The oil prices have already climbed more than $20 a barrel this year due to a tightened oil supply resulting from the loss of oil from Iran and Venezuela, which has also been slapped with US sanctions. Output cuts by OPEC members and other major oil producers led by Russia have also kept oil prices in check.
The recent outbreak of violence in Libya also threatens to disrupt supply and has been weighing on oil prices.
But experts say the latest US decision will have a limited impact on oil prices.
“Medium-term price implications will probably be limited, because China and India will likely continue importing small amounts of Iranian crude oil, and there is more than enough spare capacity to cover the loss of Iranian barrels,” Henry Rome, an analyst at consultancy Eurasia Group, wrote in a research note.
“But volatility will remain high and an aggressive Iranian response, such as a cyberattack against Saudi oil infrastructure, could also affect prices,” he said.
Key role for Saudi Arabia
The Trump administration has said that it was working with its allies Saudi Arabia and the United Arab Emirates to bridge any gap in supplies. Riyadh has so far refused to commit to increasing oil output.
Saudi Energy Minister Khalid al-Falih said on Monday that Saudi Arabia would “coordinate with fellow oil producers to ensure adequate supplies are available to consumers while ensuring the global oil market does not go out of balance.”
Saudi Arabia, the world’s top oil exporter, has supported President Donald Trump’s decision to end waivers not only because Iran is its main foe but also because a rise in oil prices means higher revenue for the kingdom.
Officials in Riyadh were disappointed after Washington exempted major Iranian oil importers from sanctions in November, causing oil prices to plunge to around $50 a barrel from more than $85. They had expected a tougher stance from the Trump administration and had increased their own production to bridge the gap resulting from Iranian oil going off the market.
The New York Times reported on Sunday that Middle Eastern oil executives are doubtful Riyadh will immediately decide to pump more oil in part because of Washington’s November decision to give sanction exemptions.
The Russia factor
Saudi Arabia has been cooperating with Russia in recent years to manage global oil supplies.
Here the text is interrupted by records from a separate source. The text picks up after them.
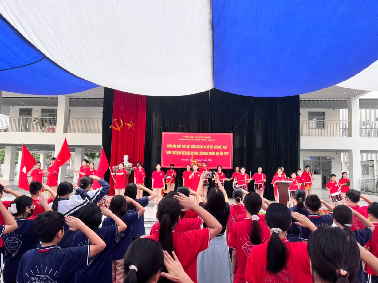 Sáng hôm nay hơn 1567 em học sinh cùng toàn thể giáo viên Trường THCS TT Trâu Quỳ được phổ biến kiến thức về Luật Phòng, chống ma túy, Luật Giao thông đường bộ. Đặc biệt, với hình thức sân khấu hóa, gồm phần diễn đàn tìm hiểu kiến thức pháp luật tiểu phẩm đã chuyển tải sinh động, hấp dẫn các nội dung tuyên truyền.
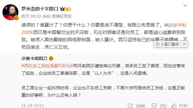 此前,西贝品牌顾问、华与华创始人@华杉2009 发文称,“西贝是中国餐饮业的天花板,无论对顾客还是对员工,都是诚心诚意做到极致。被诱入黑白颠倒的网络罗刹国,被人算计。西贝坚持自己的华夏子弟精神,不苟且偷生,凭仁义立世。”
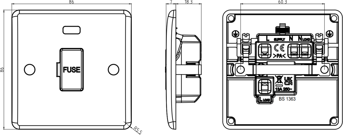 • Dimensions:86 mm width, 86 mm height, 7 mm projection, 25 mm minimum mounting box depth
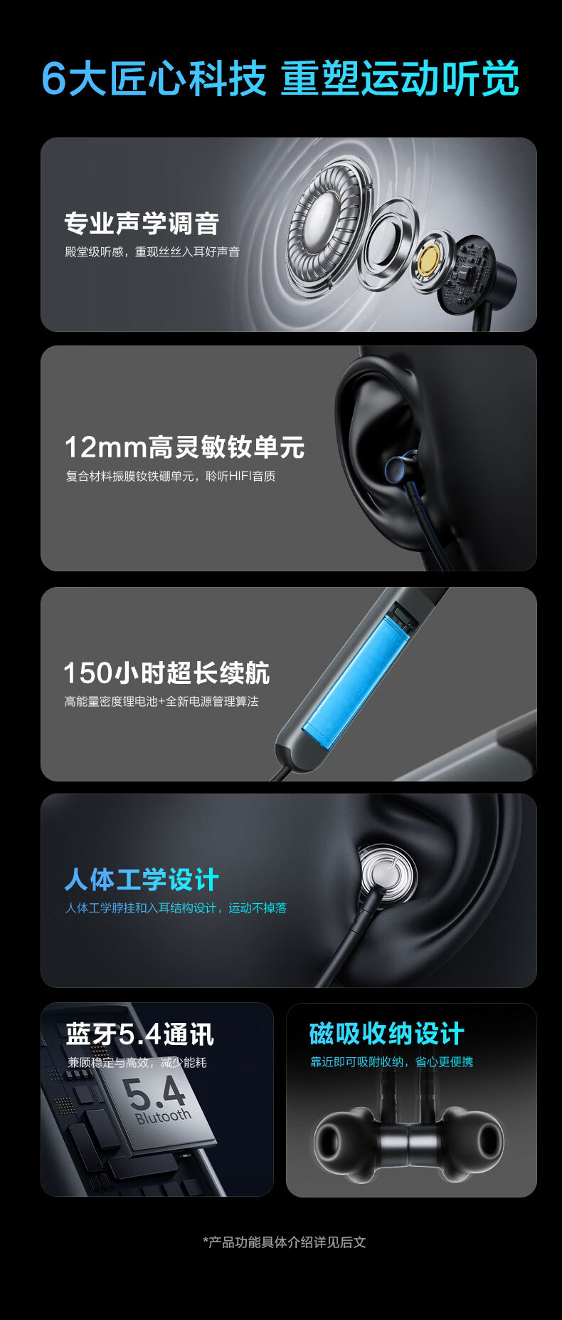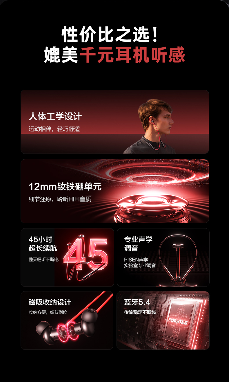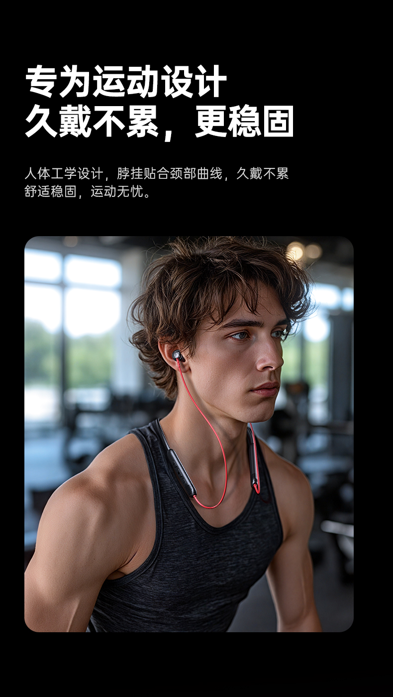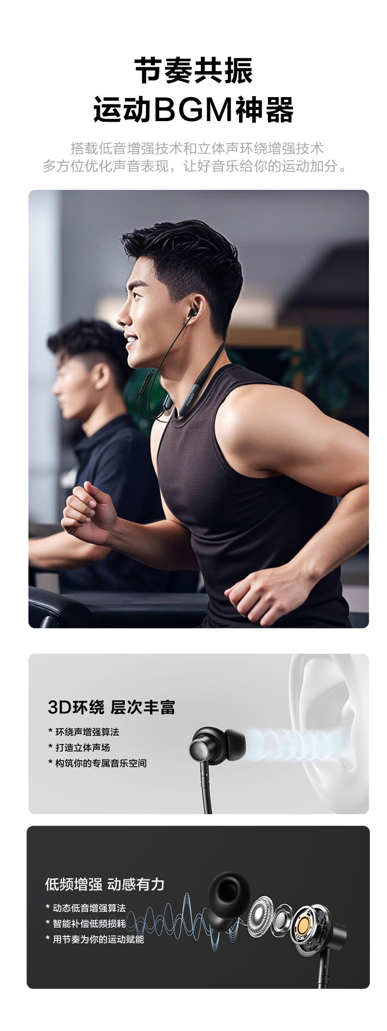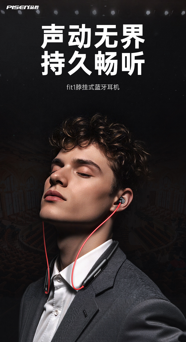 品胜 Fit1/Fit 2蓝牙耳机 挂脖式无线运动颈挂入耳式耳机 蓝牙5.4适用华为苹果小米
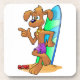 SURFER DOG ENJOYING SUMMERTIME ON HIS NEW SURFBOARD

But earlier this month, Moscow, which has struggled to comply with a pact with OPEC countries to cut their combined oil output, signaled that it wanted to instead raise oil output to take advantage of recent spike in oil prices.
Russia stands to benefit from Washington’s decision on Iranian oil as it would mean raising output to bridge the shortfall and keep oil prices from spiraling. Russian President Vladimir Putin has said existing oil prices suited Russia, which relies heavily on sales of oil and natural gas.
But should Russia refuse to oblige the US and keep its oil output at current levels, oil prices could go through the roof and hurt an already fragile global economy.
US Secretary of State Mike Pompeo said Monday that the latest decision “intended to bring Iran’s oil exports to zero.”
Oil is the lifeline of the Middle Eastern country, which continues to export one million barrels of oil daily (bpd). It exported 2.7 million bpd before the sanctions kicked in last year.
Pompeo said so far, the sanctions had deprived the regime of more than $10 billion in oil sales.
“Iranian exports will not actually reach zero,” Rome said. China will continue buying Iranian crude, perhaps as high as several hundred thousand bpd, to save face. China may barter for the oil or wall off banks to handle transactions in renminbi. India will likely take a similar position.”
While sanctions have crippled the Iranian economy and have led to shortage of food and medicines, they have not really forced Tehran to give up its military role in the Syrian conflict or end support for militias in the region.
Iran has repeatedly threatened to disrupt the flow of oil through the Strait of Hormuz if it’s prevented from using the Persian Gulf strait through which about a third of all oil traded at sea passes. Such a move could threaten Saudi exports as the route is used for most oil shipments from the kingdom.